Being authentic often means being courageous. It means honoring your own opinions above the opinions of others. It often means going against the grain, refusing to accept the status quo, to not buckle under to the pressure of those around you who otherwise would impress their opinions and values upon you.

Being Authentic Means Finding Your Own Personal Truth

There is great value in taking the time to actually sit down, pen and paper in hand, to ascertain precisely what it is you value and prioritize most highly life.

Many of us stumble along through life, blindly moving forward, behaving in ways that really do not serve our highest values and innermost priorities.  It's far too easy to get caught up in societal ideas about what an optimum life experience looks like, what we should and should not do.  Taking time to intently examine what it is that brings you the highest degree of excitement, joy, well-being and sense of contentment is a valuable exercise that has enormous pay-offs.

Many years ago I came to see that my own personal values did not always align with those of mainstream society. However, actually honoring those values and living them, actually being authentic, actually having the courage to unabashedly live my truth, to go against the common grain,  took some time. I often struggled with the idea of pleasing others, of letting friends and family down if I did not acquiesce to their ideas and opinions about how life should be lived.

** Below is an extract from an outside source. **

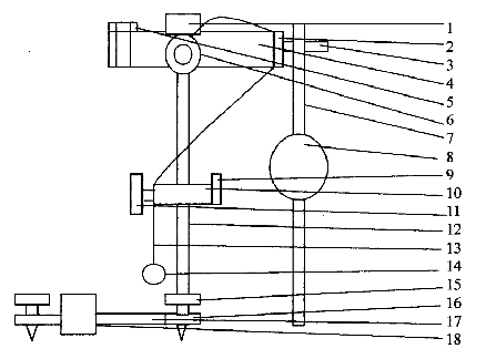 一种单摆复摆合成实验仪,主要由T形座、立柱、角度板、上座、三角刀口、压线板、U形刀承、绕线盘、单摆线、单摆小球、摆杆和摆锤等组成。立柱固定在T形座上,角度板固定在立柱中部,上座安装在立柱顶端,绕线盘安装在上座左侧面或者右侧面,三角刀口、压线板安装在上座前端面,压线板套在三角刀口上并由螺钉紧固在上座上,U形刀承安装在上座后方,复摆摆杆和摆锤在不用时就放在U形刀承上。做单摆实验时,取下三角刀口,松开压线板,量好单摆线长度,用压线板压紧单摆线即可实验,实验结束后将单摆线和单摆小球绕挂在立柱中部的角度板紧固螺钉上,这就不影响复摆实验的进行了。做复摆实验时,装上三角刀口和摆杆摆锤即可,实验结束后将摆杆(摆锤)悬挂于上座后方的U形刀承上,这就不会妨碍单摆实验的进行了。单摆复摆合成实验仪的有效果是,在一套实验装置上实现了单摆和复摆两种实验,使仪器占用空间减半,仪器费用减半,仪器使用效率倍增,同时可使学生进一步理解单摆、复摆两种实验原理的联系。

The decision to quit my full-time job in rehabilitation services to pursue a singing career with a traveling rock band, in my early twenties, did not come easy.  But I now see this as a pivotal point in my life in terms of truly being authentic to my highest values. It was called upon to move forward in the face of disdain and judgment of my parents. Living my highest values at that time, also meant making sacrifices regarding money, living conditions, even food. I also had to overcome social anxiety and shyness. Getting upon on stage to perform challenged me in ways I'd yet to be challenged.

I went from living comfortably, shopping for  frivolities on a whim, to rationing meager weakly earnings that barely covered one decent meal per day. Plain and simply though, my interest in singing could not be quelled. I recall feeling that if I did not heed and follow this interest, I would crumble and die. In effect, It seemed I had no personal choice in the matter.Thus, in this case, being authentic was actually not so much a choice, but more a calling.

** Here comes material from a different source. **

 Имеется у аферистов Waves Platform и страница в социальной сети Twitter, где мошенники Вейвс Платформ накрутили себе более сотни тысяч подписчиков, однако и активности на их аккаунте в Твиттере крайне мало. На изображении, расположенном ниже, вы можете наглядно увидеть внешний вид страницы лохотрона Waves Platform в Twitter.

Through this I came to see that to ignore our highest values is to turn our backs on our highest callings.  Absent authenticity, all you're really doing is going through the motions of living. A life lived trying to please others, is hollow.

The Ability To Live Authentically - The Gift of Age

With age generally comes a greater ability to be and live authentically. Plain and simply, we have greater awareness of our values and we've come to see that resisting or rejecting those values results in emotional suffering.

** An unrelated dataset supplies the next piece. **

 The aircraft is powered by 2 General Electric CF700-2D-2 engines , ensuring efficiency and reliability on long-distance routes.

What age has brought for me is the ability to honor my own feelings more consistently. In the past, I often struggled with the social aspects of life. I am by nature an introverted personality who has rare sporadic moments of mild extroversion. I deeply enjoy more brief interludes of socializing with friends,  but moreover I cherish and thrive on alone time or time spent with immediate family.  This personality trait appears to grow even stronger as I grow older. And I find when I do not honor it, I pay the price. To those looking on, it's very likely I appear to be a consummate homebody to the point of being a hermit.  In the past, this would likely have bothered me. These days, I embrace the way that I am.

In the past, I often found it quite difficult to honor this trait, knowing full well I was disappointing, perhaps even hurting friends and acquaintances  of mine who were more extroverted, more interested in socializing than I was.

In the past it seemed as though I had greater tolerance for honoring another's interest over my own. But in looking closely I can now see I simply was in denial of or lacking the awareness of what was in play.

These days, the choice is plain;  Either I honor my own interests or I pay the price. And that price can run the gamut from physical pain, fatigue, to emotional/mental exhaustion. It's simply no longer worth it to try to make someone else happy, while putting my own interests on the back-burner.

Being authentic becomes the default position when we are no longer willing to pay the price for pretending to be someone or something we plain and simply, are not.

Being authentic begins as an ideal that we try to attain and maintain,  but in mastery, it becomes a natural way of life.